How to use Airport Fox

Just type in the three letter IATA airport code of where you want to fly from and to, or scroll down the list to the airport you want. If the airport isn't there, just type in the three letter code. Select the outbound and return days, hit go, and Robert is your mother’s brother.

If you don’t know your IATA codes, there is a helpful list here:

If you select indirect flights, Airport Fox will show you some often fascinating ways to get to your destination via places that you never knew existed, and which you probably didn’t want to go via anyway.

The way the net disects

To book the flights – well, that’s up to you. I’m just showing if there is any availability. You’ll then have the fight to book the flight with the BD DC or your own frequent flyer scheme. And I’m pleased to say that is something I’m keeping well out of.

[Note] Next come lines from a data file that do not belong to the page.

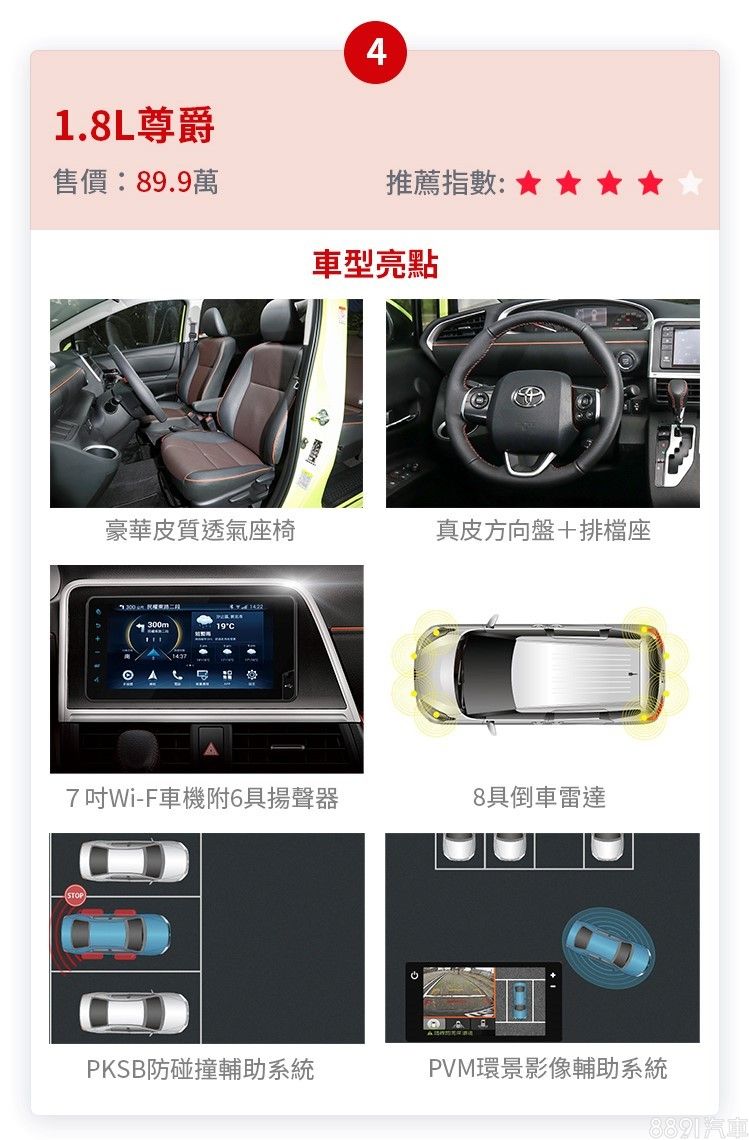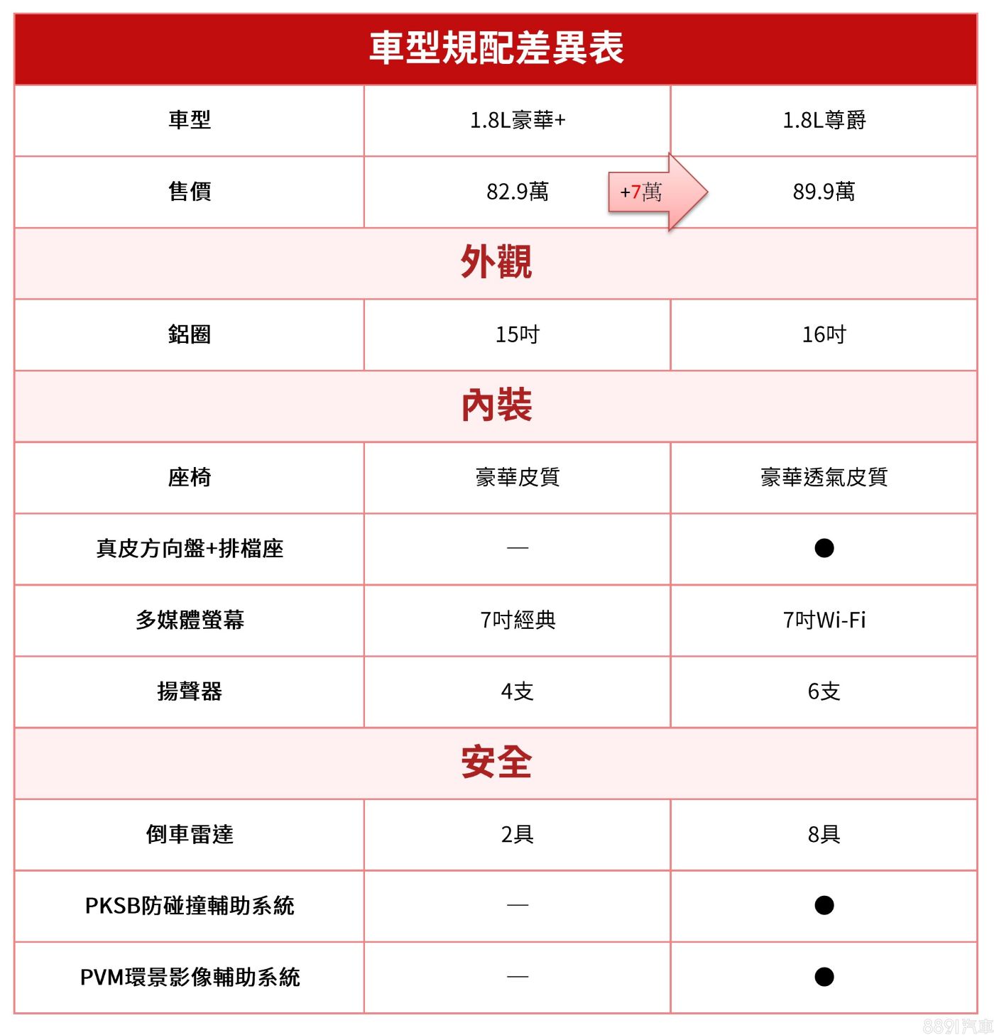 做為車系旗艦的尊爵版,雖然獲得不少「獨享」配備,像是座椅改為透氣材質,真皮包覆的方向盤與排檔桿頭,7吋多媒體系統則升等Wi-Fi主機,安全輔助也多添6具雷達,並追加環景影像與防碰撞輔助系統,上述這些配備升級要價7萬,但多半屬「非必要性」,且直逼90萬的身價也讓人有些卻步,因而拉低了推薦指數。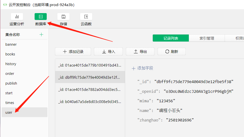 在云开发管理后台,点击数据库,然后点击 + 号,添加user集合(数据表),如下图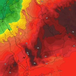 طقس العرب - تشير آخر مُخرجات النماذج العددية الحاسوبية إلى استمرار تأثر أغلب مناطق المملكة العربية السعودية بمرتفع جوي في طبقات الجو العليا، وما يصاحبه من كتلة هوائية حارة نسبياً إلى حارة عبر طبقات الجو المُنخفضة. تبقى درجات الحرارة أعلى من معدلاتها المناخية بعدة درجات مئوية، فيما تتأثر المناطق الشمالية بكتلة هوائية أقل حرارة قادمة عبر الحوض الشرقي للبحر المتوسط.

Note that Airport Fox is optimised for browsing on the latest version of IE, IE6. If you have an earlier version, it won't display very well.

Contact Airport Fox

I really do appreciate all the Emails I get about Airport Fox: Click Here to Email me.

Changelog

v1.1

17th Jan 2006

Now using Airportfox.com

v1.04

18th Feb 2004

Now Delta do not want their data shown. I can still show their codeshare however!

v1.04

23rd Dec 2003

American Airlines requested their data be removed.

v1.03

4st Dec 2003

Added Boeing 73W (a 737 with winglets no less) plus recognition of SGN/KVB/KHV/LED/HNL/RDU/BWI/PHL/DTW/MCO/CVG/PBI/LPA/TFS airports.

v1.00

14th July 2002

Removed 'logging on' GDS information.
Label on button Refine to redefine.
Create error if no airports entered or invalid. Added: error if either airport is blank or invalid.

v0.22

4th March 2002
Grrr. The end of Ansett. Now will just display bmi, Spanair and Varig availability.

v0.17

19th Aug 2001

No longer based at CHT airport. Timezone shifted to relfect this to the mainland.

v0.12

22st Sept 1999
First real working version

Version number on main header page.
Bottom page Alpha test message shortened.

v0.01

1st Oct 1998
Alpha Launch
First pre-launch version, with all working functionality. Launched in the Qantas Club in Adelaide of all places... well, I happened to be there, and it was the first place to try it out.